I agree this is essentially the same proof as Euclid's, this is reinventing the wheel, but you know what they great say "great minds think alike".

[quote=Carl Fischbach;149350]I agree this is essentially the same proof as Euclid's, this is reinventing the wheel, but you know what they great say "great minds think alike".[/quote]
Did you know of Euclid's proof before you came up with this one? If you knew of it, I don't think that saying really applies.

I've heard Euclid's proof but I didn't know exactly what it was,I came up
with this proof totally independantly his.

[quote=Carl Fischbach;149305]Here's an interesting proof that primes go on forever.


( 3*5*7*11*...b) + q =2^n



On the left side of the equation you have sequence of primes ending in prime b which added to an odd number q .

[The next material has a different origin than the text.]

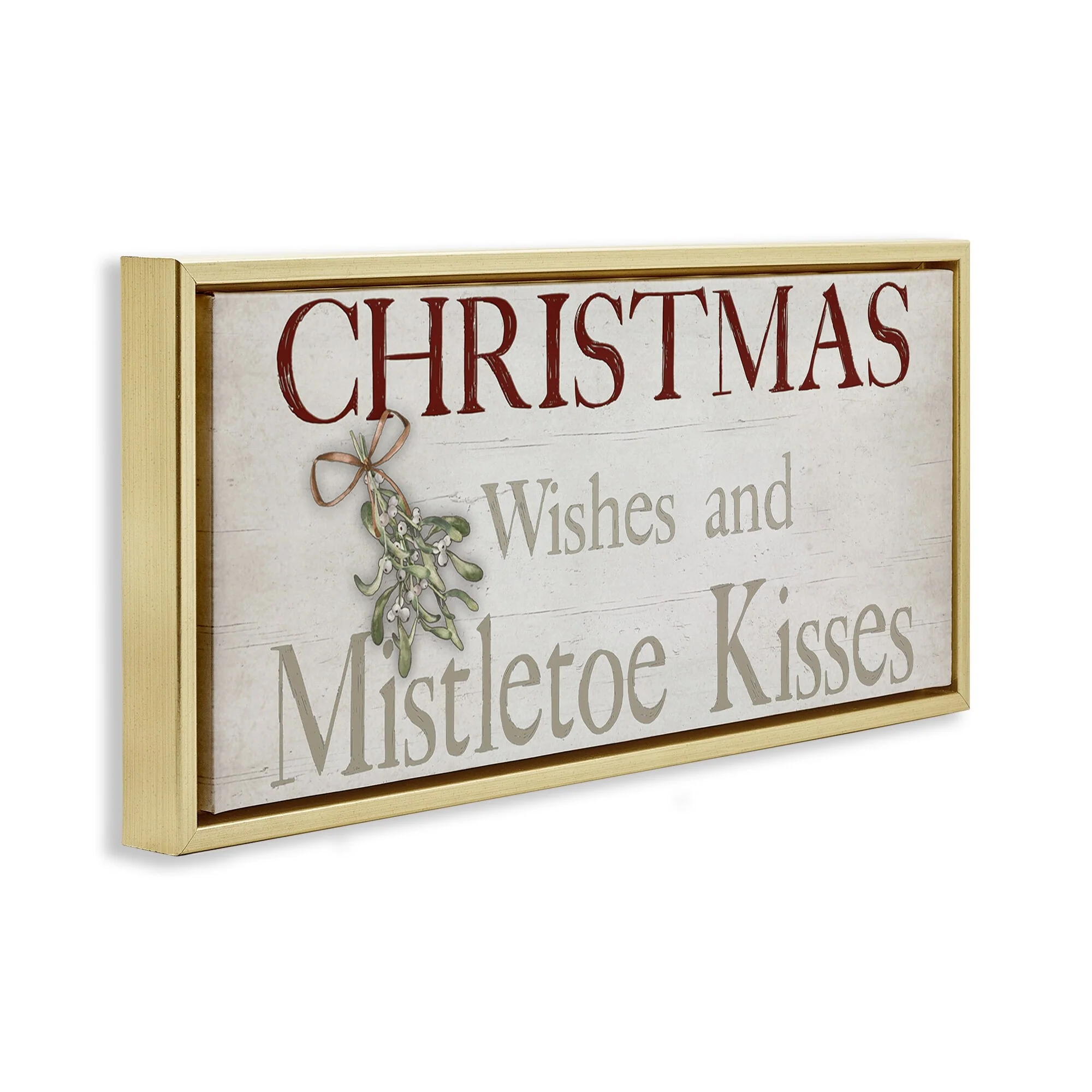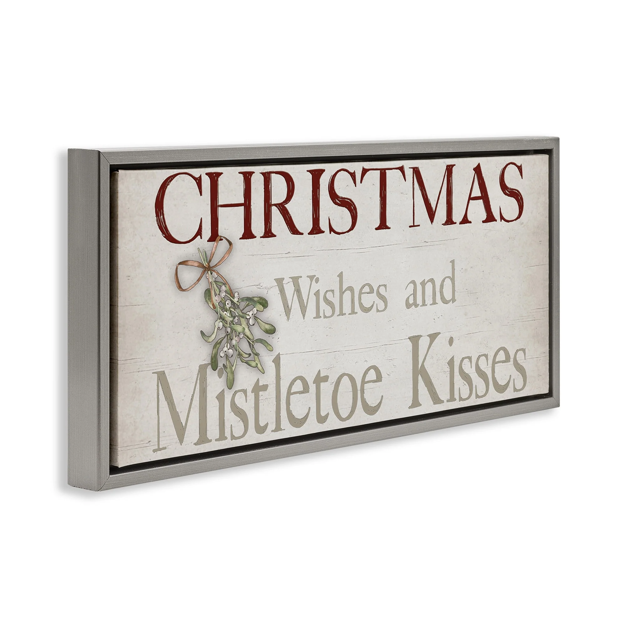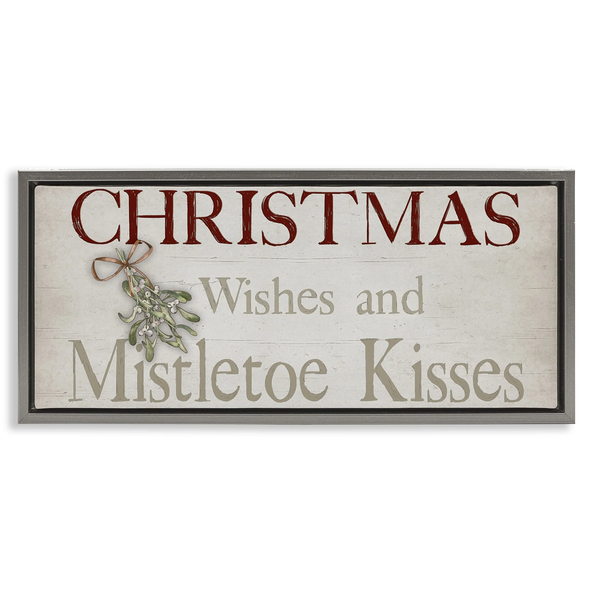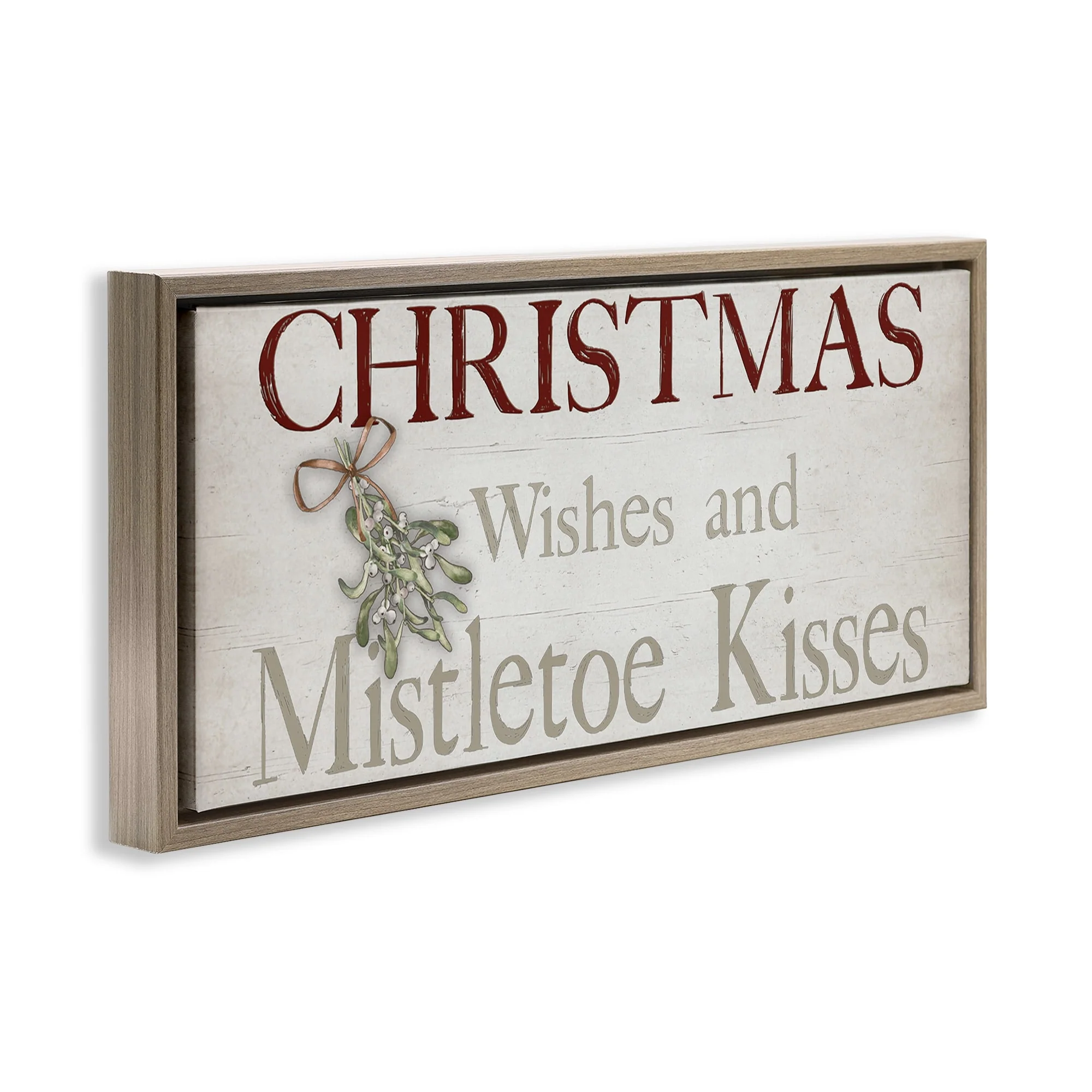 • Stupell Christmas Wishes & Mistletoe Kisses Framed Floater Canvas Wall Art Design By Susie Boyer
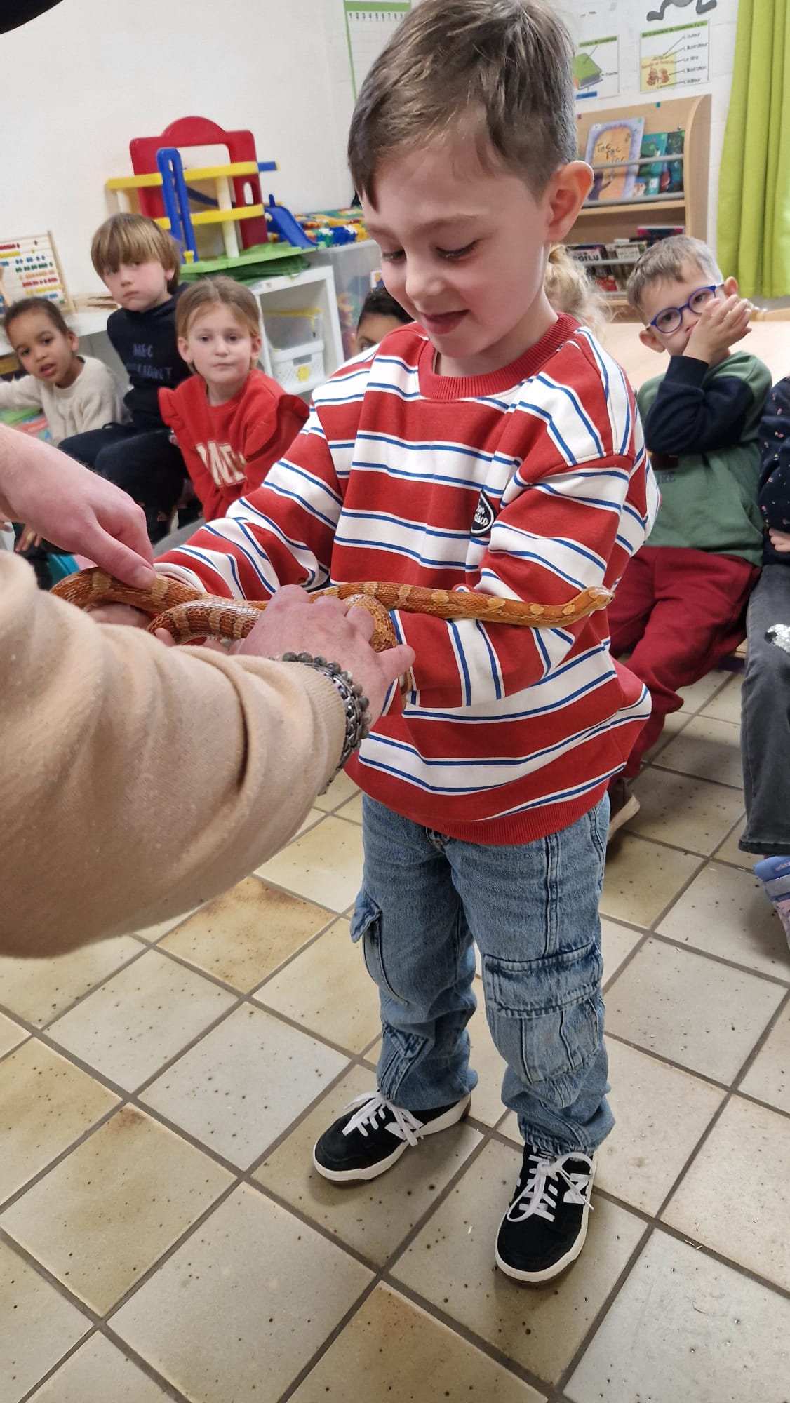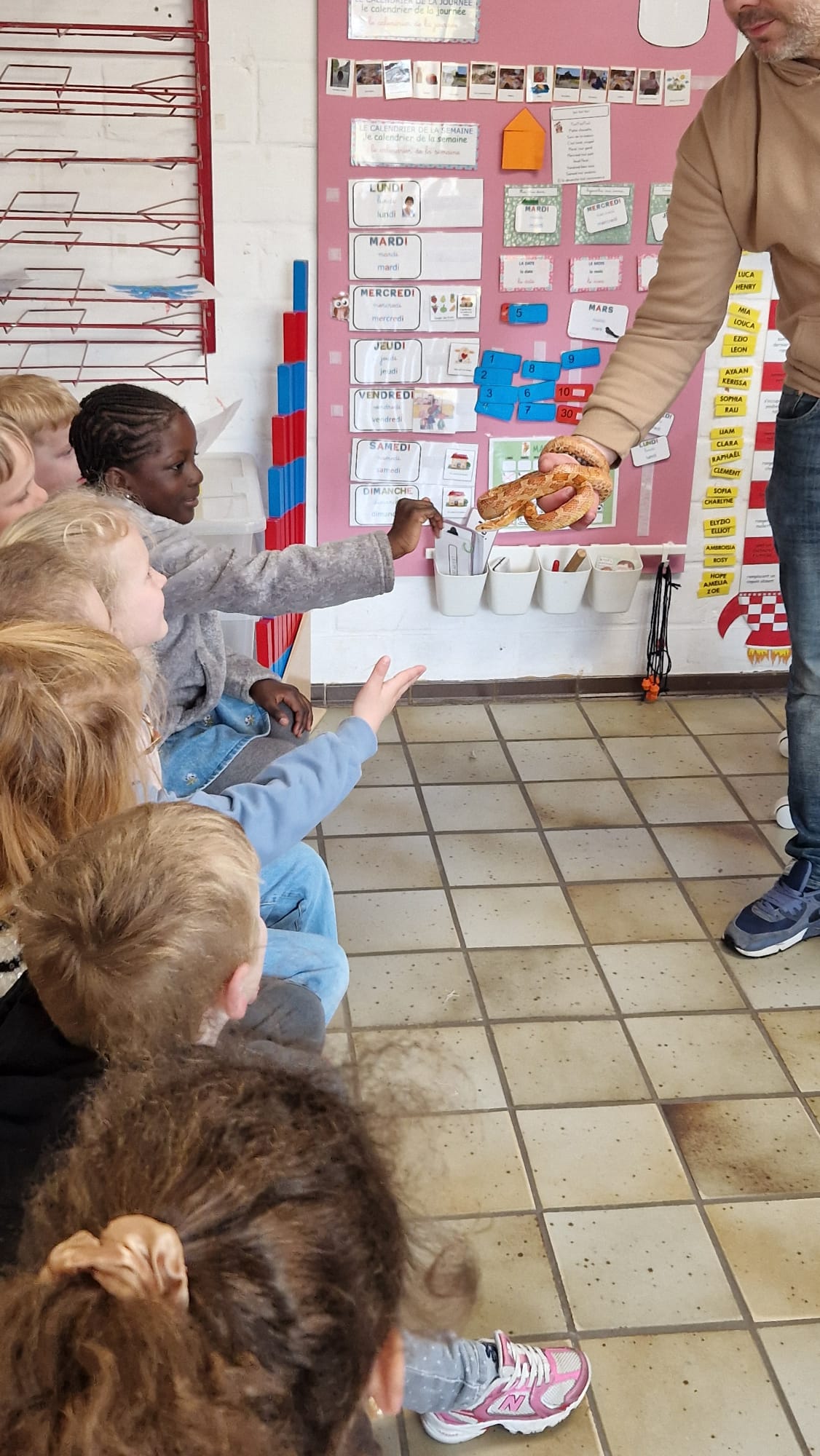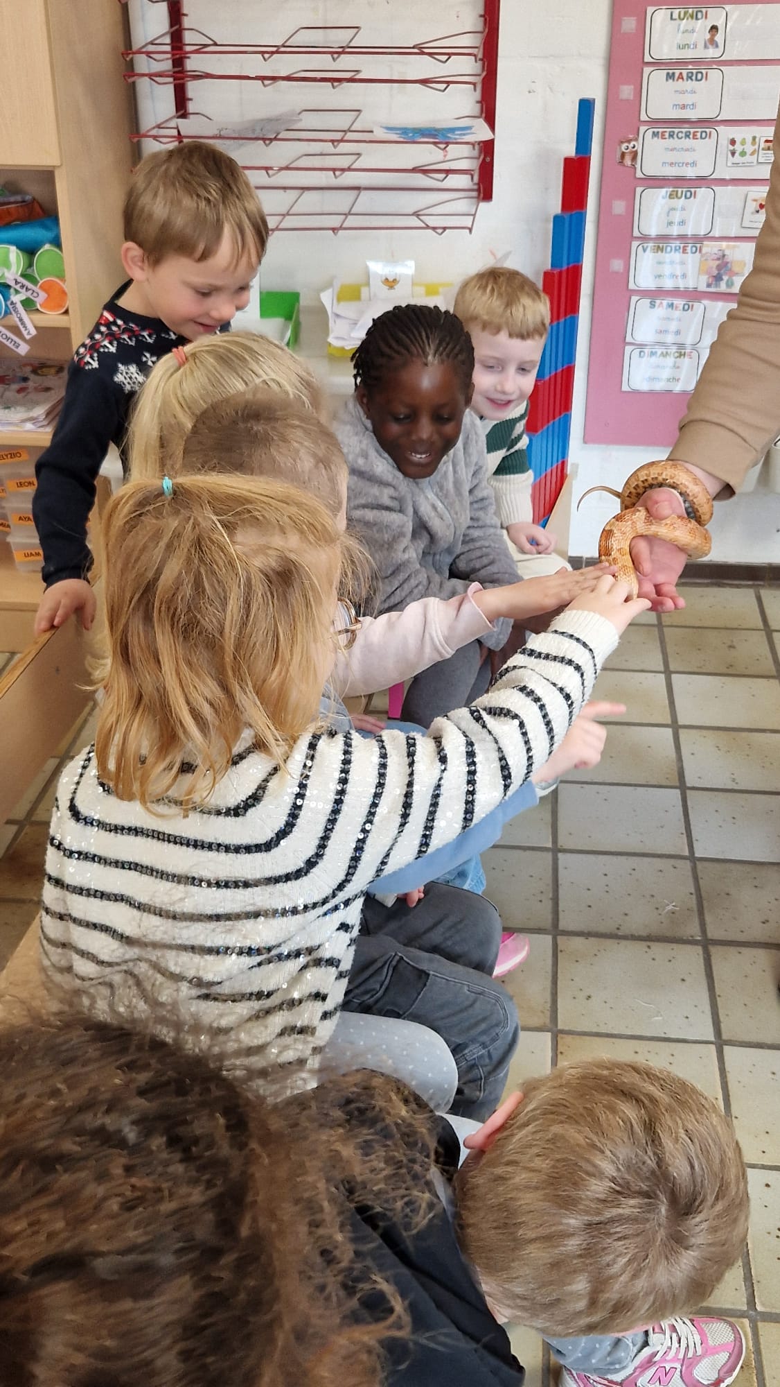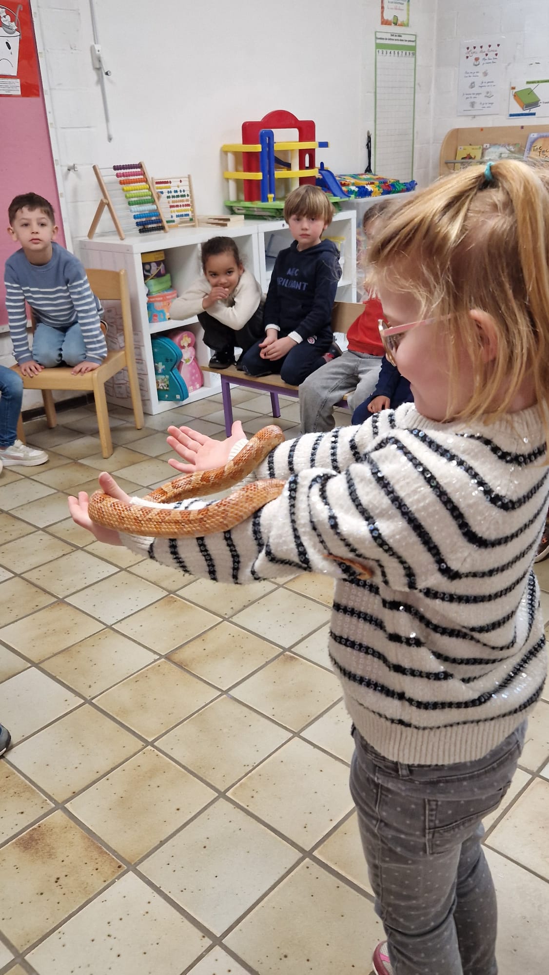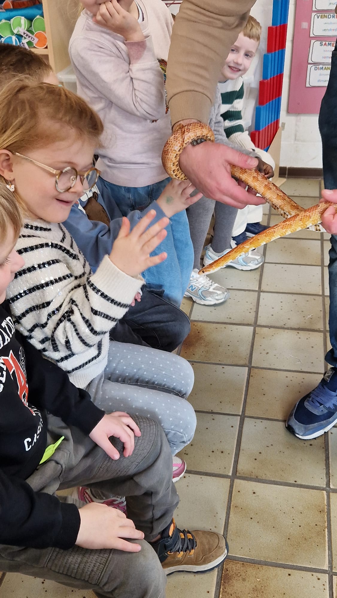 Ce mercredi 25 mars, nous avons reçu la visite de Ginou, le serpent de Kerissa. Son papa Damien nous a permis de découvrir cet animal extraordinaire et surtout de surmonter la peur des enfants. Les plus téméraires ont même pu le porter et le toucher. Quelle belle découverte en éveil scientifique

If the squence of primes and q have a common factor then 2^n would have to be evenly divisable by the common factor which it cannot be, therefore q must be prime or be made up of factors greater than b. This proof clearly indicates that primes go on forever.[/quote]It's very closely related to Euclid's proof

(to get Euclid's, substitute "2*3*" for "3*", 1 for q, and X for 2^n, then argue about factors of X not among [2, ..., b]),

but I like your formulation with the 2^n as an alternative. :smile:

I think you still have to proof that there are at least an infinit number of solutions with q<>1.

Best regards

Matthias

That is not very difficult.

If for all members of the sequence q is equal to 1 we have:

3*5*7*11*...*p[sub]k[/sub] + 1 = u[sub]k[/sub] + 1 = 2^n for all k.

u[sub]k[/sub] must be 3 (mod 4) for all k, but when p[sub]k+1[/sub] = 3 (mod 4) we get that u[sub]k+1[/sub] must be 1 (mod 4), so the next member of the sequence q cannot be equal to 1 in order to have a power of 2 at the right hand side.